Gazze Şeridi'nde bir zamanlar on binlerce insanı doyuran tarlalar şimdi patlamamış mühimmatla kaplı ölü alanlara dönüştü. İşgal rejiminin 2023 Ekim’inde başlayan soykırımıyla birlikte her şey sona erdi. Araziler yasak bölgelere dönüştü, seralar yerle bir edildi, sulama hatları parçalandı, kuyular kum ve molozla doldu.
Filistin Enformasyon Merkezi'nin haberine göre, Deyru’l-Belah’ta yaşayan 60 yaşındaki çiftçi Naim Ebu Amra, savaştan önce küçük bir dizel pompayla desteklenen güneş panelli damla sulama sistemi kurmuştu. Ürünlerini yerel pazarlarda satar, sekiz kişilik ailesinin geçimini sağlar, hasat dönemlerinde mevsimlik işçilere de istihdam oluştururdu.
"İşgalin buldozerleri toprağı dümdüz etti, geriye tek bir avuç toprak bile kalmadı. Plastik ve metal iskeletler bile bombardımanda eridi” diyen Ebu Amra, yine de umudunu yitirmedi. Çocuklarıyla birlikte molozları küreklerle ve eşek arabalarıyla temizleyip yağmur suyuyla birkaç küçük alana bamya ve ebe gümeci ekti. Ebu Amra, ailesiyle birlikte hayata tutunmaya çalışıyor.

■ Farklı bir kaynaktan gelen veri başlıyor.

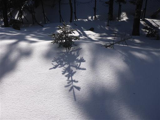 シラビソの幼木。日が傾いて影がだいぶ長くなっている。
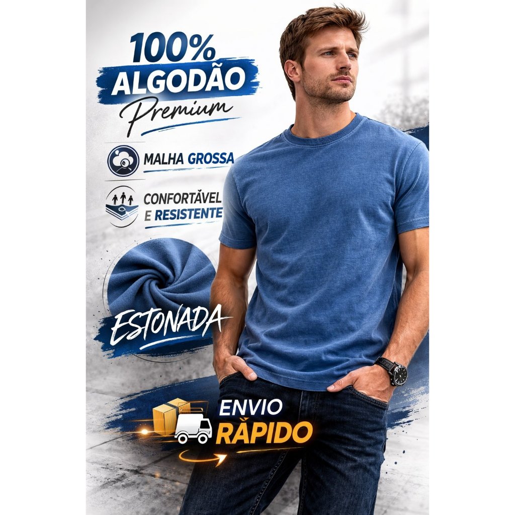 O produto Camiseta Masculina Estonada 100% algodão Lisa é um item na subcategoria Camisetas (de Roupas Masculinas), disponível na Shopee Brasil por R$ 29,90 (25% de desconto sobre o preço original de R$ 39,87). Avaliado em 4.9/5 pelos compradores e 136 unidades vendidas, este produto se destaca pelo excelente custo-benefício.
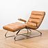 Этот предмет мебели также неординарен, как и кресло Номентано. Кожаная обивка простёгана горизонтальными полосами, а металлические ножки изящно выгнуты.
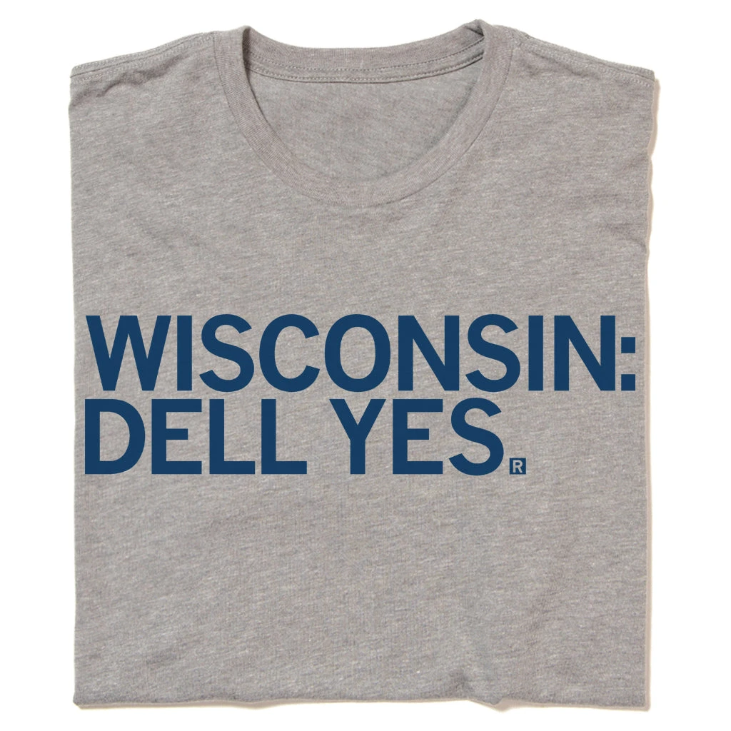 Wisconsin: Dell Yes. A Portion of All RAYGUN Sales Raise Money For Organizations That We Support. This Design Has Been Retired and is No Longer Available on Our Sales Floors But Can Be Ordered Here Online! Since All of Our Retired Designs Are Printed on Demand, Please Allow For a Couple Extra Days Before Shipping. Navy Blue Screen Print on a Heather Grey T-shirt (65% Polyester / 35% Combed Ringspun Cotton). Cut and sewn sweatshop free. Designed and printed by Union Labor at RAYGUN.

Bugün Gazze’nin yalnızca yüzde 2’sinin tarıma elverişli ve erişilebilir olduğu tahmin ediliyor. Yani sadece 2 bin 300 dönüm civarında bir alan hâlâ ekilebilir durumda.

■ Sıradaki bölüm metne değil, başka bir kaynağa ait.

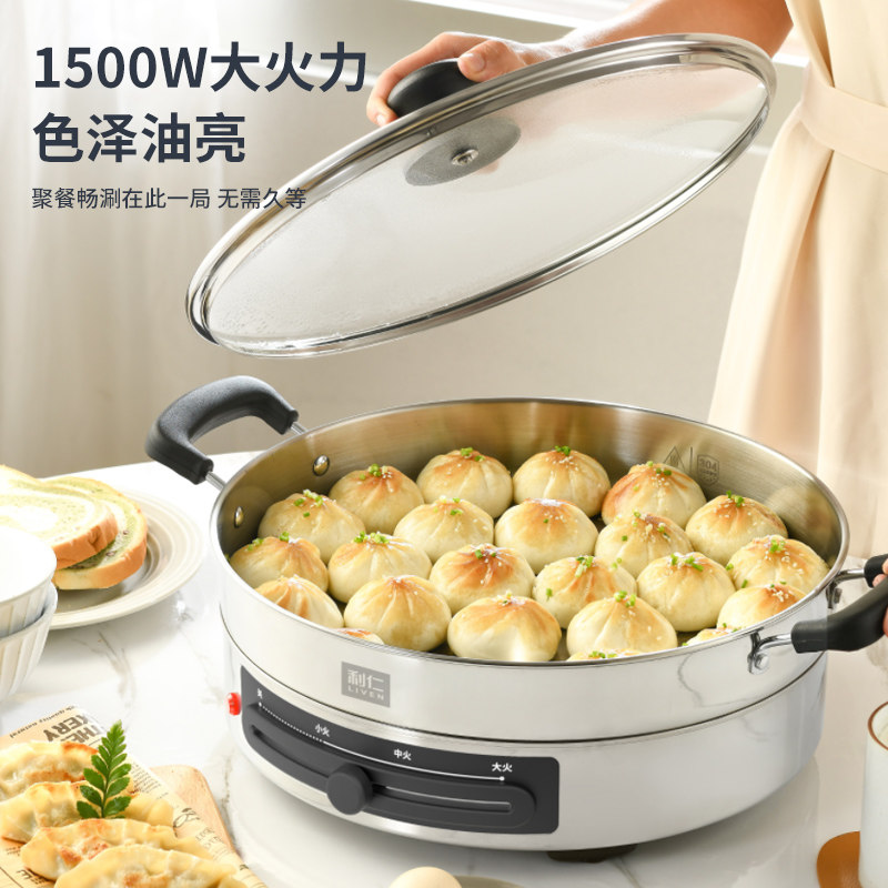 利仁电煎锅不锈钢电饼铛家用新款加深加大多功能烙饼锅官方旗舰店

Tarım arazilerinin yüzde 95'inden fazlasına erişilemiyor
Birleşmiş Milletler (BM) Gıda ve Tarım Örgütü (FAO) ile BM Uydu Merkezi (UNOSAT) tarafından yapılan ortak değerlendirmeye göre Gazze’deki tarım arazilerinin yüzde 95’inden fazlası erişilemez halde.
Temmuz 2024 verilerine göre arazilerin yüzde 80’i zarar gördü, yüzde 77,8’i tamamen hizmet dışı kaldı. Seraların yüzde 71,2’si, tarım kuyularının ise yüzde 82,8’i tahrip edildi. FAO, bu yıkımın Gazze’nin tarım ve gıda sisteminin çökmesi anlamına geldiğini vurguladı.

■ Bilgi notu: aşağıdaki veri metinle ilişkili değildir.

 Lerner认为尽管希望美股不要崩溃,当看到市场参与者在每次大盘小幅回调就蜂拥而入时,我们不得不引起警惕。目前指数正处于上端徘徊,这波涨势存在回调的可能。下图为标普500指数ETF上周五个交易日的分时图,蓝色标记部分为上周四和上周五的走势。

Savaş öncesinde tarım, gayri safi yurtiçi hasılanın yüzde 11’ini oluşturuyor ve yaklaşık 560 bin kişiye geçim sağlıyordu. Bugün bu oran yüzde 2’nin altına düştü.
Dünya Bankası, tarım sektörünün yeniden inşasının maliyetini 8,4 milyar dolar olarak tahmin ediyor. Gazze genelinde biriken 61 milyon tonluk enkazın yaklaşık yüzde 15’inin asbest gibi zehirli maddeler içerdiği sanılıyor. Bu durum yeraltı suyunu ve toprağı tehdit ediyor.